Why do market anomalies persist? The case of a shoemaker-turned-AI company

Author

Viljar Vald, CIO

Date

24/04/2026

April 2026 has been a challenging month for quality-oriented portfolios. With the prospect of a ceasefire in the Middle East, stock markets have ripped higher, driven by companies with questionable fundamentals. As geopolitical risk premia evaporate, defensive factors like Quality and Low Volatility have suffered in a classic "junk rally."

Looking under the hood, the Allbirds’ pivot from a footwear company to „NewBird AI“ offers a real-time case study in how obvious irrationality endures (for more on this, see a great post by @Alex Edmans). While it is perfectly rational for a company to seek a valuation rerating through a name change, it is difficult to argue that the investors who bid the stock up several-fold in a single day were acting rationally.

But the more important question is not why investors were acting irrationally, but why rational capital couldn't correct the mispricing.
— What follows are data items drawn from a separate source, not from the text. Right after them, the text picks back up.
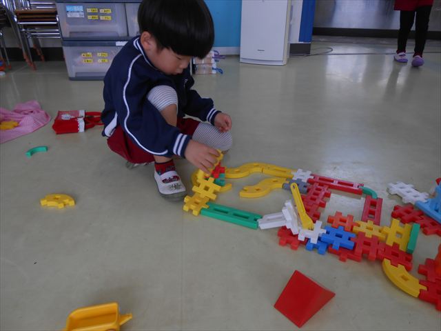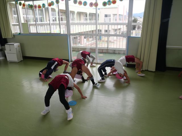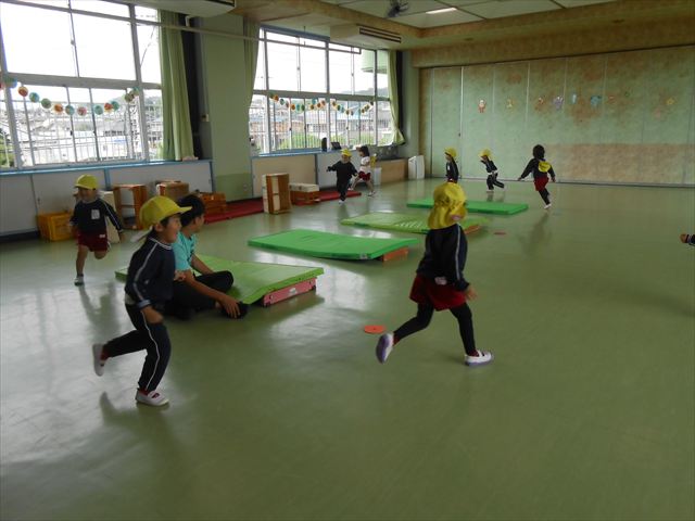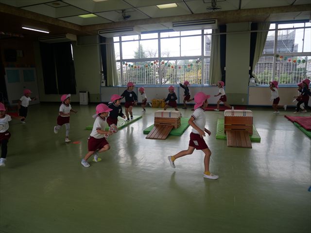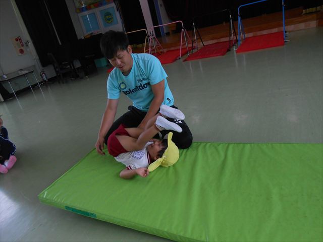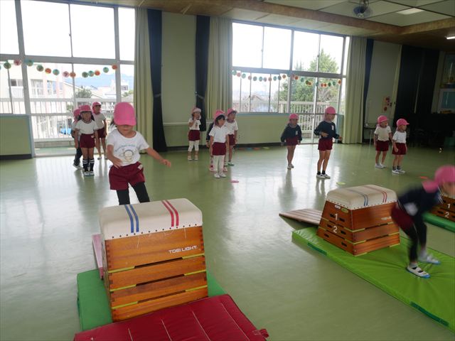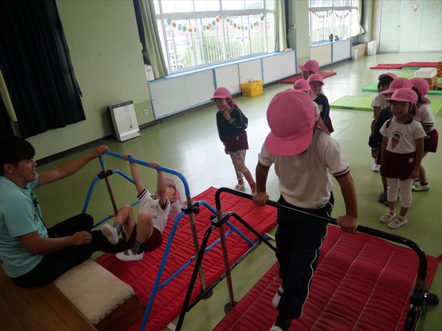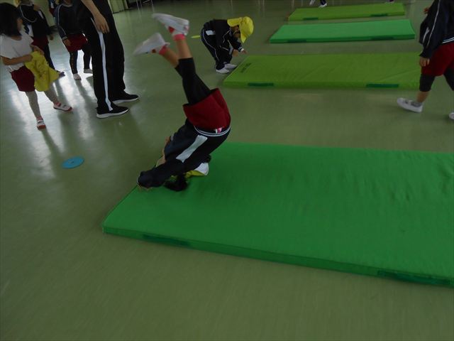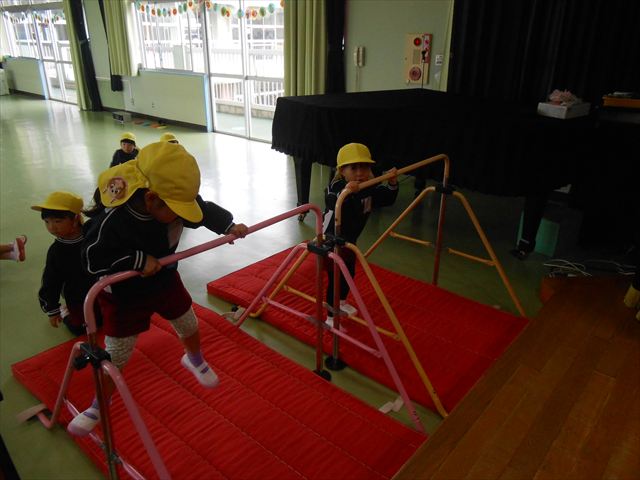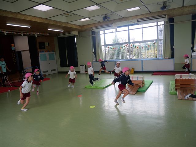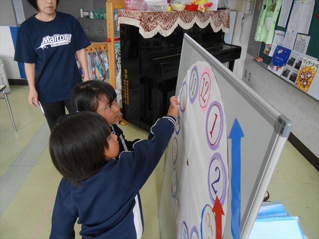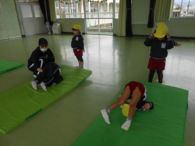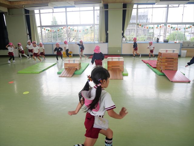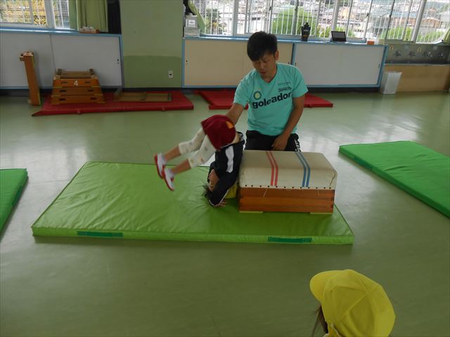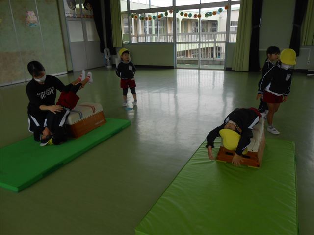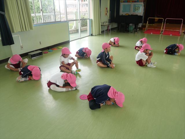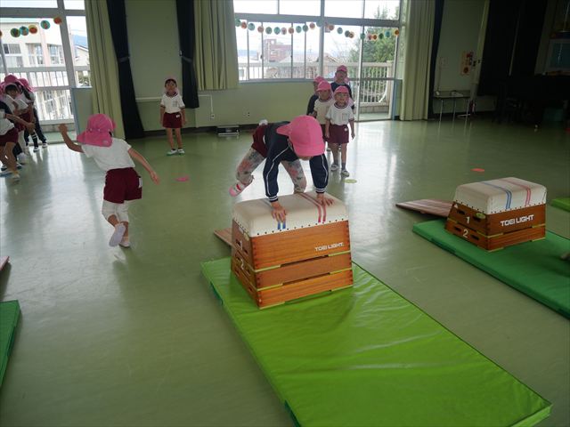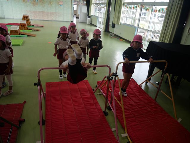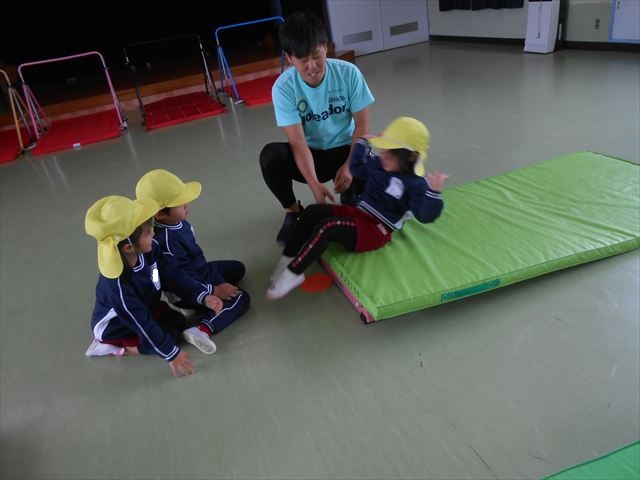 今日は、運動教室を行ないました。マットで前回りの復習と後ろ回りを教えていただきました。飛び箱を使ったり坂道をを使ったりしながら練習をしました。鉄棒では前回りと足抜きをしました。個人差はありますがそれぞれ頑張る姿が見られました(^^♪その後は、算数の時間で時計をしました。ばらばらになってしまった時計の数字を並び替えました。お友だちと協力しながら完成させることができました。午後は、室内遊びを楽しみました(
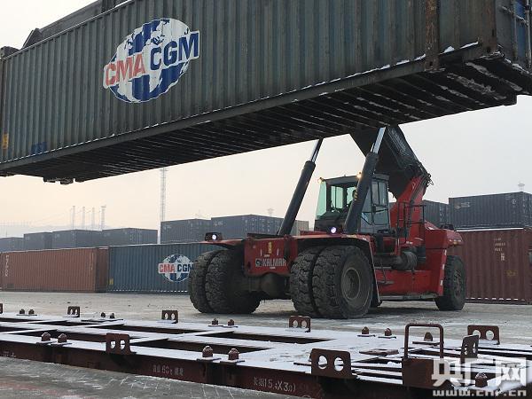 向西行國際班列吊裝貨物,準(zhǔn)備出發(fā)!
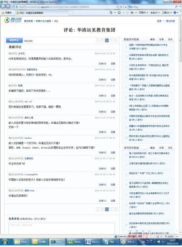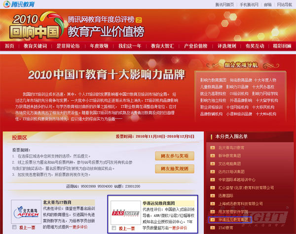 華清遠見入圍“2010IT教育十大影響力品牌”
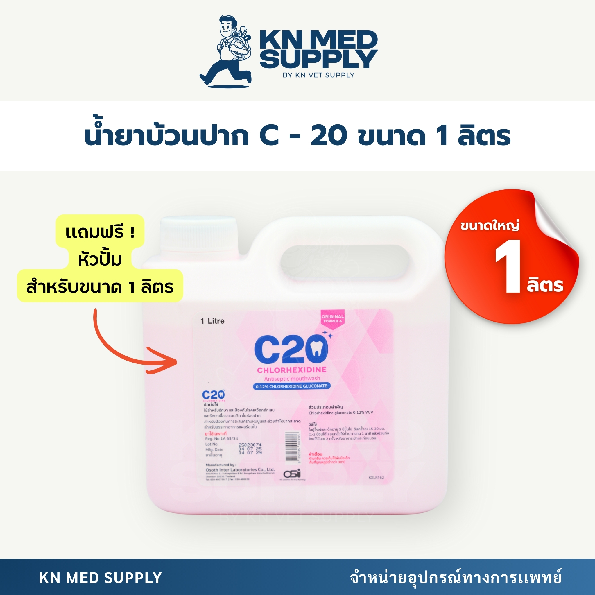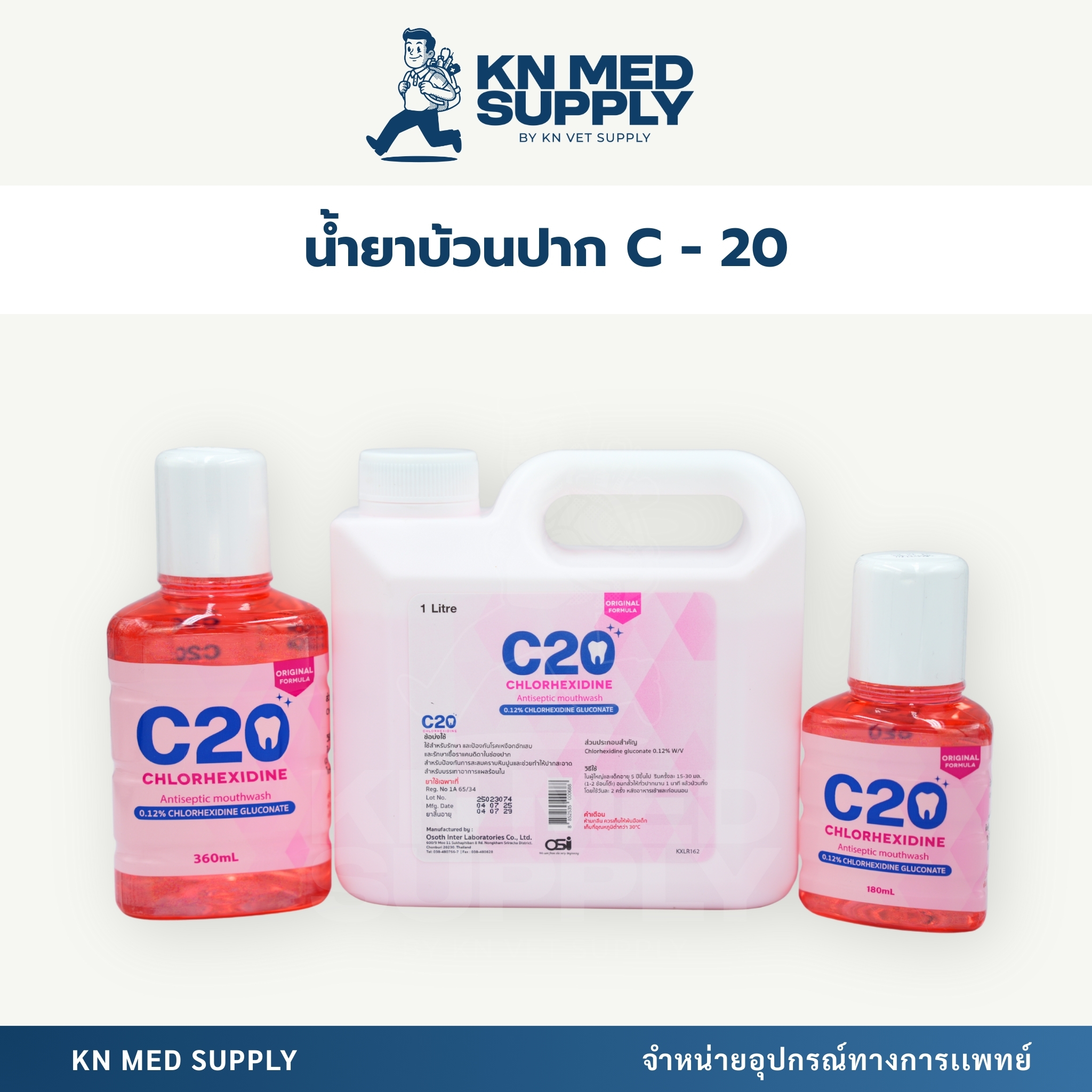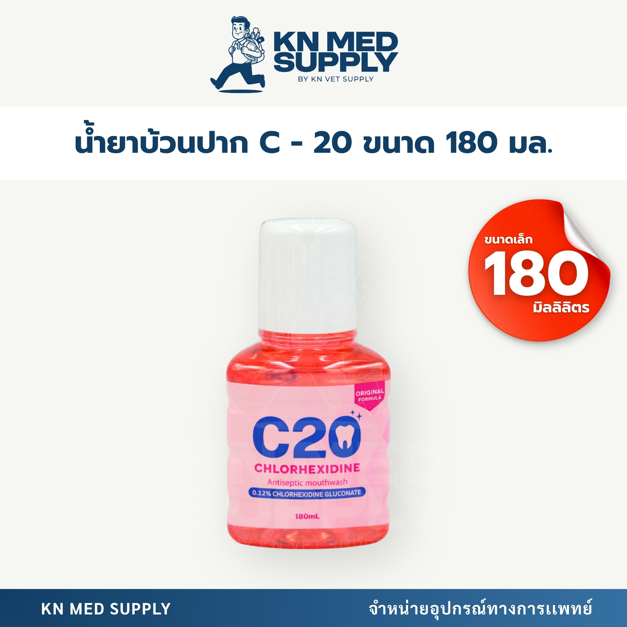 น้ำยาบ้วนปาก C-20 ใช้สำหรับทำความสะอาดช่องปาก ช่วยลดการสะสมของเชื้อโรคและแบคทีเรียภายในช่องปาก ช่วยลดกลิ่นปาก และเสริมสุขอนามัยช่องปากอย่างมีประสิทธิภาพ เหมาะสำหรับการดูแลช่องปากในชีวิตประจำวัน รวมถึงการใช้งานในสถานพยาบาล คลินิก และงานทันตกรรม
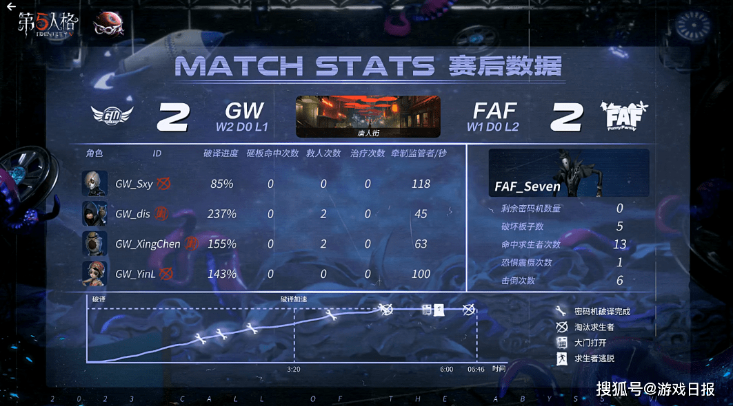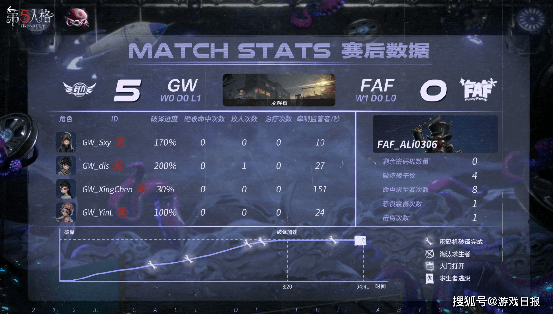 值得一提的是,虽然FAF被淘汰,但他们精彩的表现却给大家留下了深刻记忆。面对GW战队的第一局比赛,上半局FAF求生者勘探员共牵制监管者122秒,再加上队友先知的利用音乐盒在一旁的协助,最终上半局比赛FAF完成三跑,取得开门红。
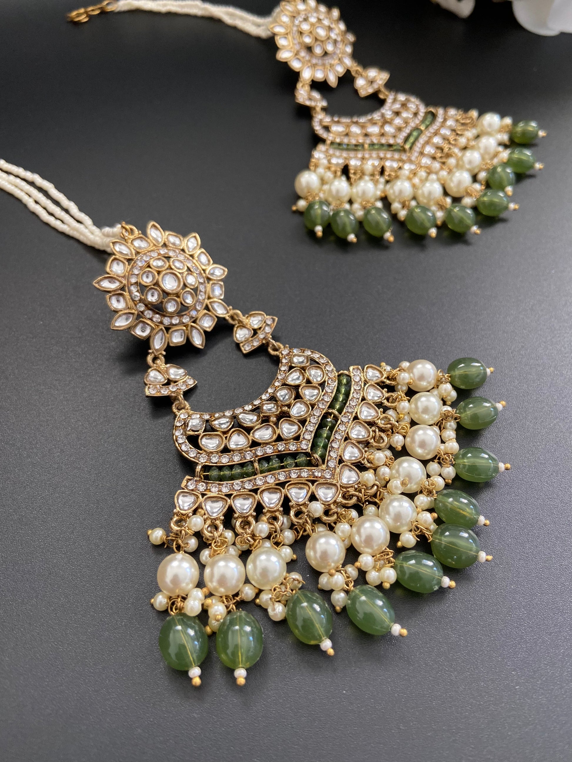 Get ready to make a bold statement with our stunning mix of chandelier and chandbalis earrings, featuring a deep olive green color that exudes opulence and grandeur. From the attached ear support that doubles as a design element to the intricate beads and pearls that come together in a symphony of designs, these earrings are a true masterpiece of artistry and creativity.
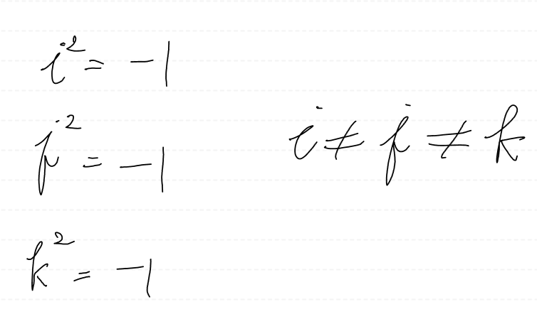 i, j, k 총 3개의 허수부를 사용하는 사원수 라는 체계가 등장하게 되었습니다.
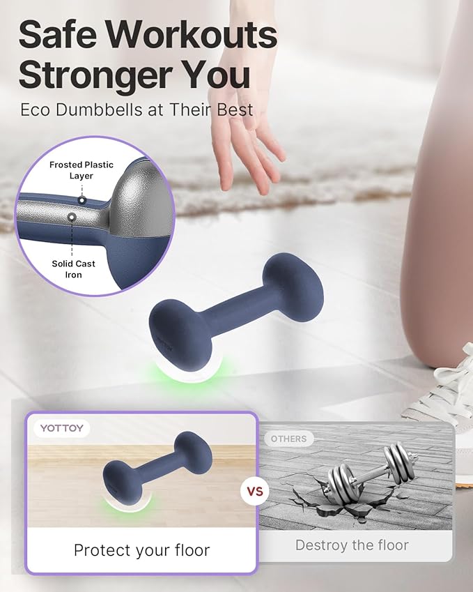 - 1.Durable Non-Slip Grip: Our neoprene dumbbell set is crafted from sturdy cast iron and encased in 3mm thick neoprene for a non-slip grip. These hand weights are smooth, easy to hold, and sweat-resistant, preventing calluses and scratches while remaining gentle on the skin. This dumbbell set is built to be unbreakable, offering long-lasting performance for your workouts
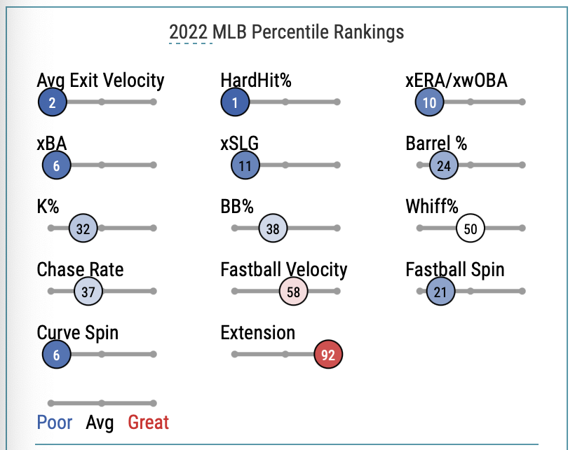 He’s always been described as the pitcher on the staff with the most upside, but Lynch’s StatCast percentiles are ugly. The fastball is flat and too often center-cut. The slider has lacked bite. The inability to put away hitters after jumping ahead is confounding. Brian Sweeney and staff have their work cut out for them. Lynch will serve as the acid test.
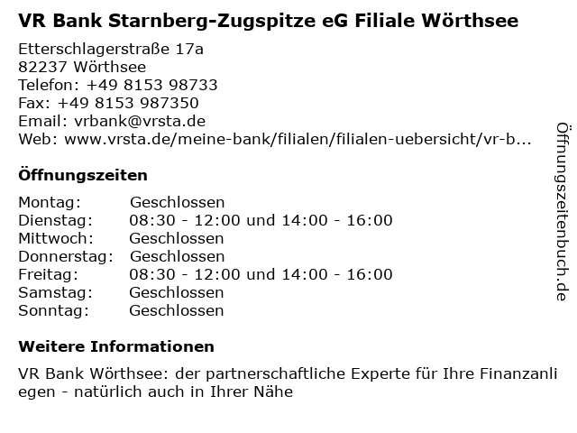 Branchen & Suchbegriffe zu VR Bank Starnberg-Zugspitze eG Filiale Wörthsee:altersvorsorge, bank, baufinanzierung, bausparen, beratung, eg, geldanlage, girokonto, kredit, kreditkarte, versicherung, vr, wörthsee, zugspitze |
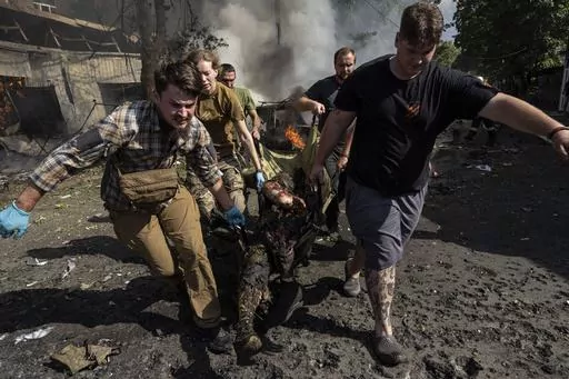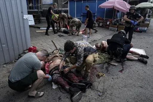 KYIV, Ukraine (AP) — A Russian missile tore through an outdoor market in eastern Ukraine on Wednesday, killing 17 people and wounding dozens, as U.S. Secretary of State Antony Blinken returned to the country with more than $1 billion in new American funding for Ukraine, including military and humanitarian aid.
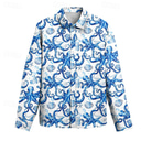 Men's Tropical Octopus Turtle Summer Hawaiian Shirt Aloha Shirt Printed Shirts Long Sleeve Shirt Turndown Hawaiian Resort Vacation Going out Beach Blue Dark Blue S M L |

The answer is structural, not informational.

Even with a transparently speculative surge, the structural plumbing—specifically borrow scarcity and the potential of momentum (meme) driven players exacerbating the move—effectively locks out rational capital.

This is the Limits to Arbitrage framework playing out in real time. The anomaly isn't sustained by a lack of institutional insight, but by the practical, mechanical difficulty of the trade itself. As the saying goes, a market can stay irrational longer than a disciplined participant can stay solvent—especially when the plumbing and volatility make the short trade difficult to carry.

The Systematic Takeaway

Observing these mechanical failures in real-time reinforces a core systematic foundation: market efficiency isn't a given. It is a variable of liquidity and friction.

The objective is rarely to "beat" the irrationality in the short term, but to outlast the friction until fundamental gravity inevitably returns. In this environment, maintaining a diversified book of shorts is essential to ride out the intermediate volatility while waiting for the mean reversion to take hold.